"I hope everyone wears their green on Thursday and Friday," a grinning Sean Spicer told the White House press corps last Monday, as one might a primary school class. "You got a double shot at it this year because of the visit."
It was Spicer, the White House press secretary, who got to announce that Trump had named March "Irish American History Month". In broaching the subject of festive apparel, he was merrily alluding to a personal tradition involving shamrock-patterned trousers. Spicer's siblings are named Shannon and Ryan, and he is reportedly fond of a pint of Smithwick's. During an exchange with a couple of journalists, he once tweeted: "I'm Irish, I drink and I like people."
Last year, Paul Ryan, speaker of the US House of Representatives declared similarly: "I express myself. I'm an Irish guy, that's what we do".

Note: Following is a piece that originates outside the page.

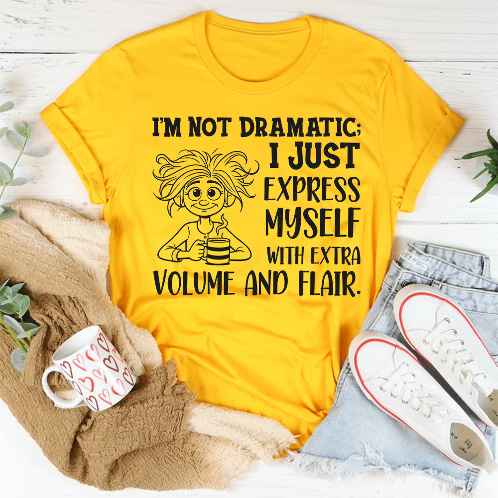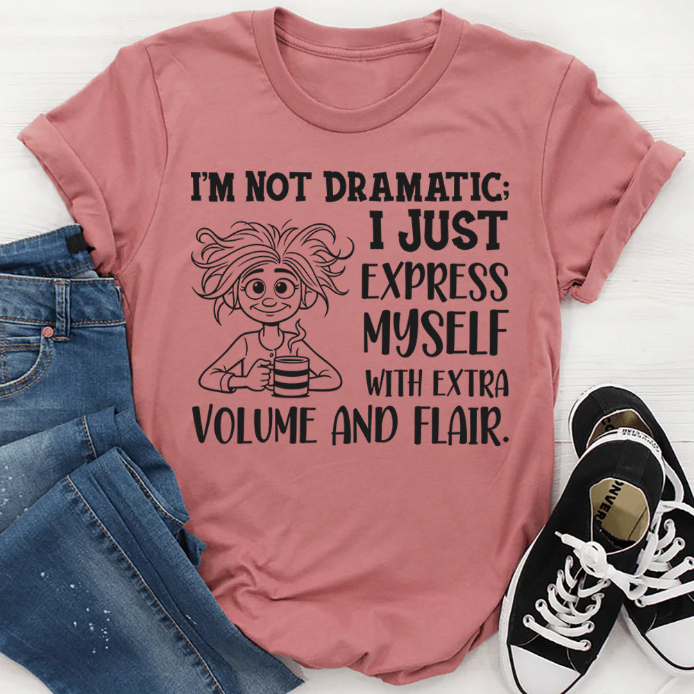 Turn up the volume on your personality with this “I’m Not Dramatic I Just Express Myself with Extra Volume and Flair” t-shirt! Perfect for anyone who lives life out loud, this tee celebrates bold energy, big emotions, and unapologetic self-expression.

Last Wednesday night in Washington DC, Vice President Mike Pence said the following to about 700 black-tie dinner guests: "All that I am, all that I will ever be, and all the service that I will ever give, is owed to my Irish heritage."
From counsellor (Kellyanne Conway), to national security advisor (Michael Flynn), to head of the Small Business Administration (Linda McMahon), and house majority leader (Kevin McCarthy), the people of Irish extraction who are advising, assisting, and advocating for Trump are conspicuous in their number and their status.
Per a Boston Globe report last year, the father of White House chief strategist Steve Bannon canvassed for John F Kennedy in 1960. "There's a seed of Boston planted in every Irish Catholic kid," Chris Bannon said, answering questions about his brother's path to Harvard University. "We were Kennedy freaks. My dad knocked on doors for Kennedy. Every Irish kid thinks he wants to be Jack Kennedy, right? At least back then."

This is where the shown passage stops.